A century had passed between Babbage’s Analytical Engine and Turing’s Universal Machine - a grand and unwieldy contraption and an elegant unreal abstraction. Turing never even tried to be a machinist. “One can picture an industrious and diligent clerk, well supplied with scratch paper, tirelessly following his instructions,” as the mathematician and logician Herbert Enderton remarked years later. Like Ada Lovelace, Turing was a programmer, looking inward to the step-by-step logic of his own mind. He imagined himself as a computer. He distilled mental procedures into their smallest constituent parts, the atoms of information processing. (p212)

Information is uncertainty, surprise, difficulty, and entropy:

• “Information is closely associated with uncertainty.” Uncertainty, in turn, can be measured by counting the number of possible messages. If only one message is possible, there is no uncertainty and thus no information.

• Some messages may be likelier than others, and information implies surprise. Surprise is a way of talking about probabilities. If the letter following t (in English) is h, not so much information is conveyed, because the probability of h was relatively high.

• “What is significant is the difficulty in transmitting the message from one point to another.” Perhaps this seemed backward, or tautological, like defining mass in terms of the force needed to move an object. But then, mass can be defined that way.

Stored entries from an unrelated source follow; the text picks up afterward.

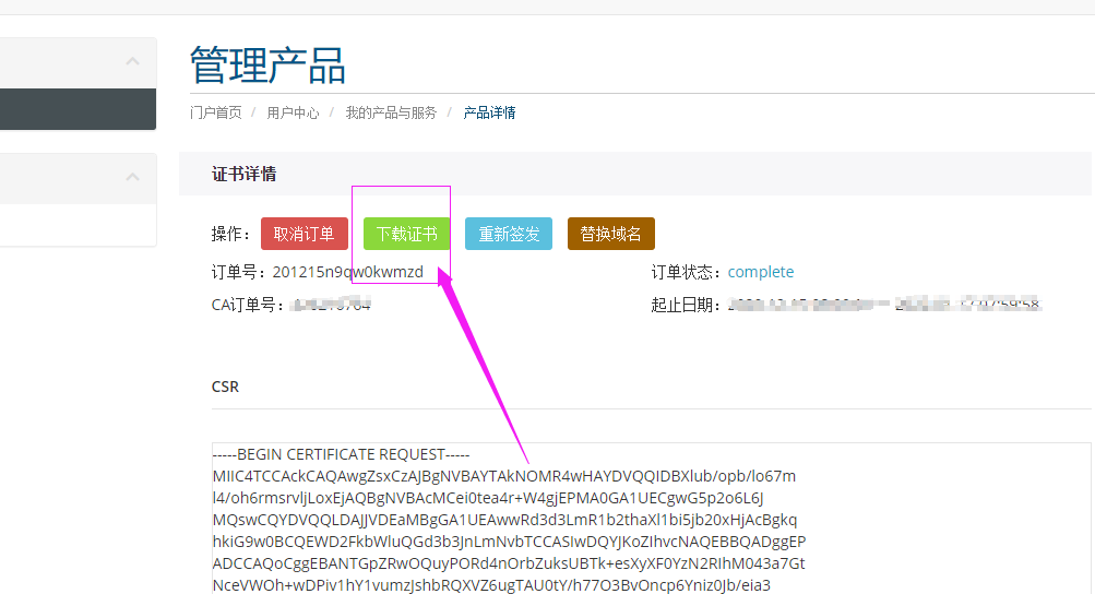 填写域名、选择认证方式,点击生成CSR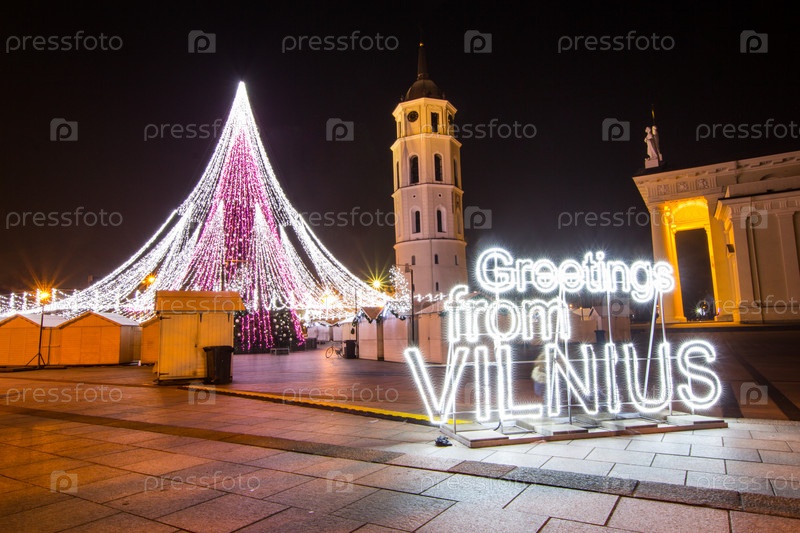 Ночной вид центральной площади, колокольни и собора Святых Станислава и Владислава на канун нового года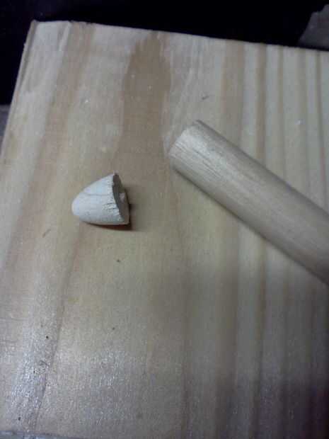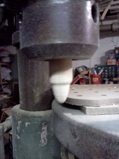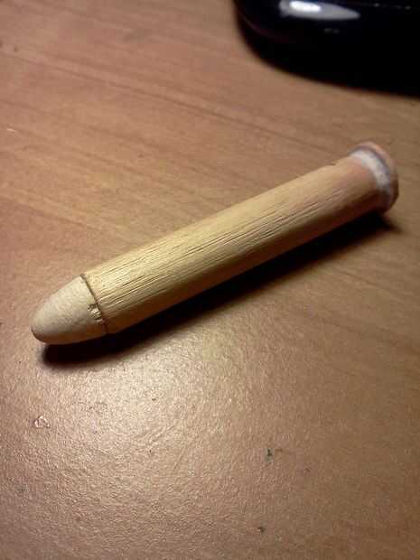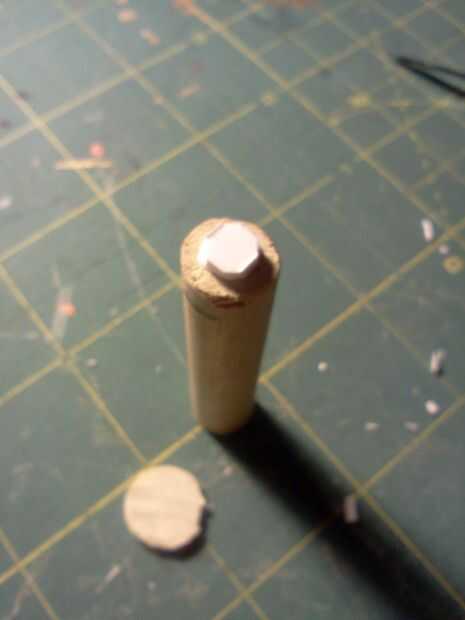 En el otro extremo de la bala puse un pedazo de 1/4" espiga en mi taladro y había utilizado como un torno. Cuando yo era feliz con la apariencia de la forma que lija, me había cortado en 10mm y había pegado a la parte superior de la bala. Luego doblé el borde alrededor de él.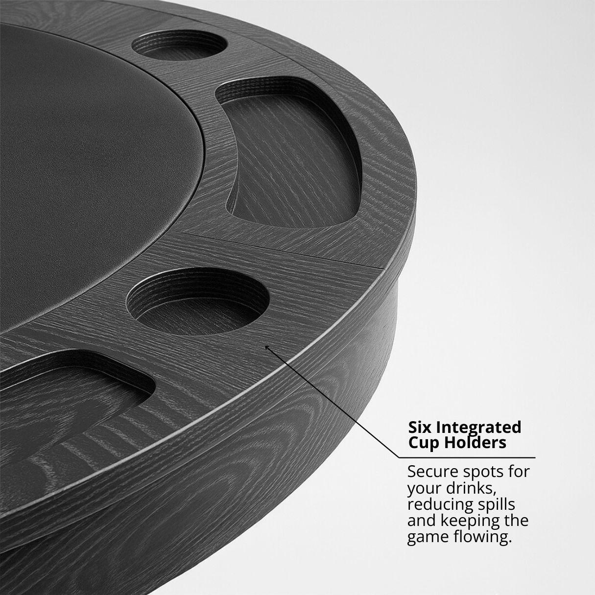 Equipped with 6 cup holders, large chip trays, and built-in storage, the Tyler Table keeps every game organized and enjoyable.

• Information is entropy. This was the strangest and most powerful notion of all. Entropy - already a difficult and poorly understood concept - is a measure of disorder in thermodynamics, the science of heat and energy. (p219)

Shannon sidestepped this problem by treating the signal as a string of discrete symbols. Now, instead of boosting the power, a sender can overcome noise by using extra symbols for error correction-just as an African drummer makes himself understood across long distances, not by banging the drums harder, but by expanding the verbosity of his discourse. Shannon considered the discrete case to be more fundamental in a mathematical sense as well. And he was considering another point: that treating messages as discrete had application not just for traditional communication but for a new and rather esoteric subfield, the theory of computing machines. (p 224)

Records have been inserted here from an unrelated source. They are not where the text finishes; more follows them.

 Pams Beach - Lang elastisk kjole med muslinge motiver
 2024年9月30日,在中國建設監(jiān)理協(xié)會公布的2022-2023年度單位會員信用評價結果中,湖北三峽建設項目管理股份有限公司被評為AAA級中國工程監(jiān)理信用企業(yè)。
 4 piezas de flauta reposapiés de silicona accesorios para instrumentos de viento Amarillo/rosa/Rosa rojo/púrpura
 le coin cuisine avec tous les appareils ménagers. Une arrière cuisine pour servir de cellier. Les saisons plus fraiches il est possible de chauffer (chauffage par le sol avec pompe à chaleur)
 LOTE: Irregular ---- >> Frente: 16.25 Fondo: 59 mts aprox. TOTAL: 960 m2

To illuminate the structure of the message Shannon turned to some methodology and language from the physics of stochastic processes, from Brownian motion to stellar dynamics. (He cited a landmark 1943 paper by the astrophysicist Subrahmanyan Chandrasekhar in Reviews of Modern Physics.) A stochastic process is neither deterministic (the next event can be calculated with certainty) nor random (the next event is totally free). It is governed by a set of probabilities. Each event has a probability that depends on the state of the also system perhaps on its previous history. If for event we substitute symbol, then a natural written language like English or Chinese is a stochastic process. So is digitized speech; so is a television signal. (p225)

Looking more deeply, Shannon examined statistical structure in terms of how much of a message influences the probability of the next symbol. The answer could be none: each symbol has its own probability but does not depend on what came before. This is the first-order case. In the second-order case, the probability of each symbol depends on the symbol immediately before, but not on any others. Then each two character combination, or digram, has its own probability: th greater xp, in English. In the third-order case, one looks at trigrams, and so forth. Beyond that, in ordinary text, it makes sense to look at the level of words rather than individual characters, and many types of statistical facts come into play. Immediately after the word yellow, some words have a higher probability than usual and others virtually zero. After the word an, words beginning with consonants become exceedingly rare. If the letter u ends a word, the word is probably you. If two consecutive letters are the same, they are probably ll, ee, ss, or oo. And structure can extend over long distances: in a message containing the word cow, even after many other characters intervene, the word cow is relatively likely to occur again. As is the word horse. A message, as Shannon saw, can behave like a dynamical system whose future course is conditioned by its past history. (p 226)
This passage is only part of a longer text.